Um in Haag als künftiger Bürgermeister zu punkten, sind aber auch diverse Qualitäten wichtig, wie Ludwig Schletter erläutert. "Auftreten und Souveränität" seien natürlich wichtig, ebenso Erfahrungen. Und es komme auch auf die künftige First Lady an. "Die muss fesch wirken, darf aber keine Gucci-Tussi sein." Gern würde man jemanden nehmen, der in einer anderen Kommune bisher in der Verwaltung arbeitet - etwa einen Kämmerer -, aber aus Respekt vor seinem örtlichen Bürgermeister diesen nicht herausfordern möchte.

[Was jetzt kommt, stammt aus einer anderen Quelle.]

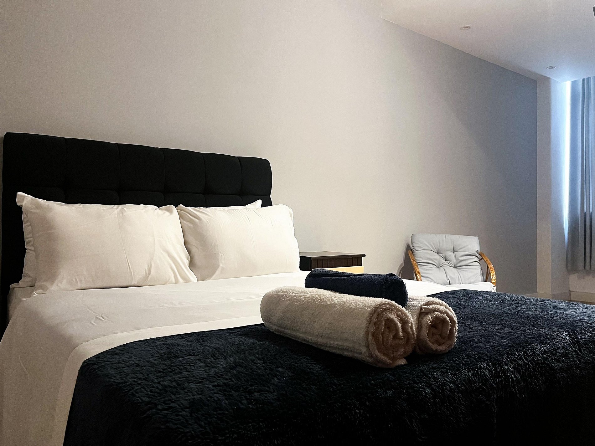 Nosso apartamento possui 2 quartos (sendo um deles suíte), banheiro social, ampla sala de estar, cozinha, máquina de lavar e portaria 24h, oferecendo conforto e segurança durante toda a estadia.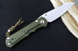 This version of the Large Inkosi is a Northwest Knives Exclusive and is direct from the CRK factory. This knife has an insingo blade in CPM-S45VN, a cerakoted handle in OD Green, and a camo lanyard with a bead.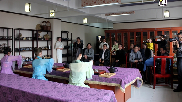 杨殿生一行还在曹校长等三峡职院领导陪同下,深入茶艺表演实训中心参观,并观摩了三峡职院14级、15级学生茶艺表演队的表演,学生队员的优良表现,充分展示了三峡职院茶艺师培训的卓越成效。为我校茶艺表演实训室建设、管理及茶艺师培训提供了可供借鉴的经验。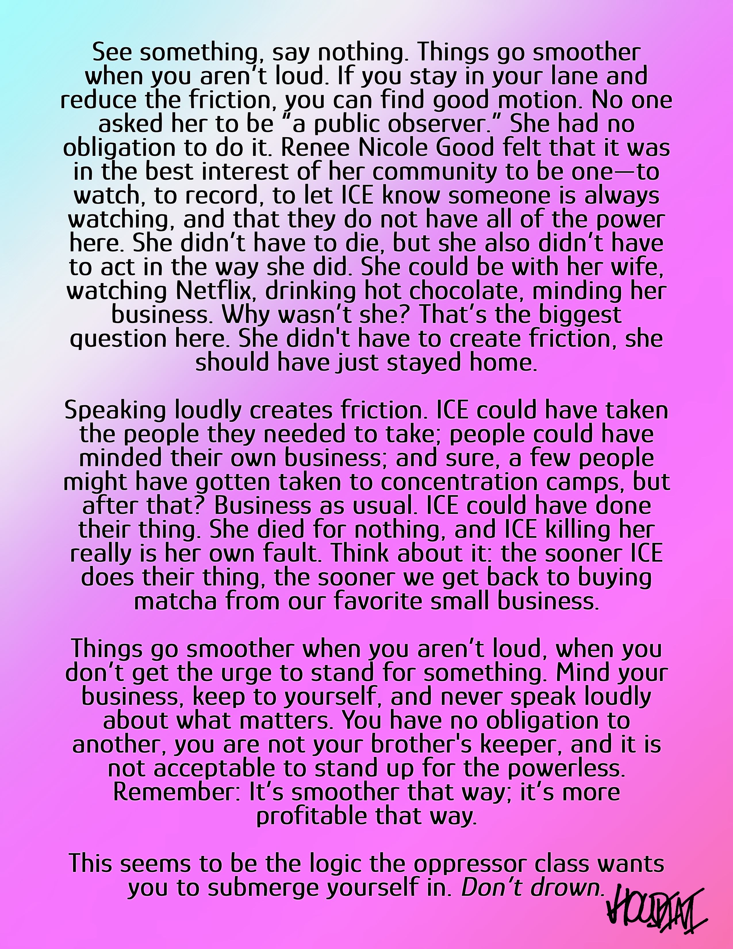 Never again. I have never felt so ashamed. So much like a cop. The ban I received, it only makes me feel that much more connected to that man in the Malcolm X hoodie. It has become inescapable to me that the contradictions between small businesses and revolutionaries cannot be squared, after all it was small businesses that pushed so strongly for "Whites Only" rules. It was the small time pool operator that poured bleach in the pools when black people swam, who chose to turn those gathering places into parking lots when they realized who would gather there.

Markus Trinkwalder ist Vorsitzender der Freien Wähler in der Gemeinde Biessenhofen im Landkreis Ostallgäu. Der amtierende Bürgermeister von der CSU ist seit 2008 im Amt, vor fünf Jahren wurde er ohne Gegenkandidaten wiedergewählt. Das soll sich im nächsten Frühjahr zur Wahl nicht wiederholen, deshalb suchen die Freien Wähler der 4000 Einwohner starken Gemeinde nach einem eigenen Kandidaten. "Der Bürger muss in der Demokratie eine Auswahl haben", findet Markus Trinkwalder.

Grundsätzlich hätte er selbst auch Interesse zu kandidieren, aber mit zwei kleinen Kindern und einer ebenfalls berufstätigen Frau sieht er keine Chance, den Job des Bürgermeisters bewältigen zu können. Zwei Bewerbungen habe man bisher bekommen, davon sei einer der Interessenten inzwischen wieder abgesprungen. Vielleicht ist die Aussicht, gegen einen Amtsinhaber - der selbst nach Aussage der Opposition keinen schlechten Job macht - zu verlieren, zu groß.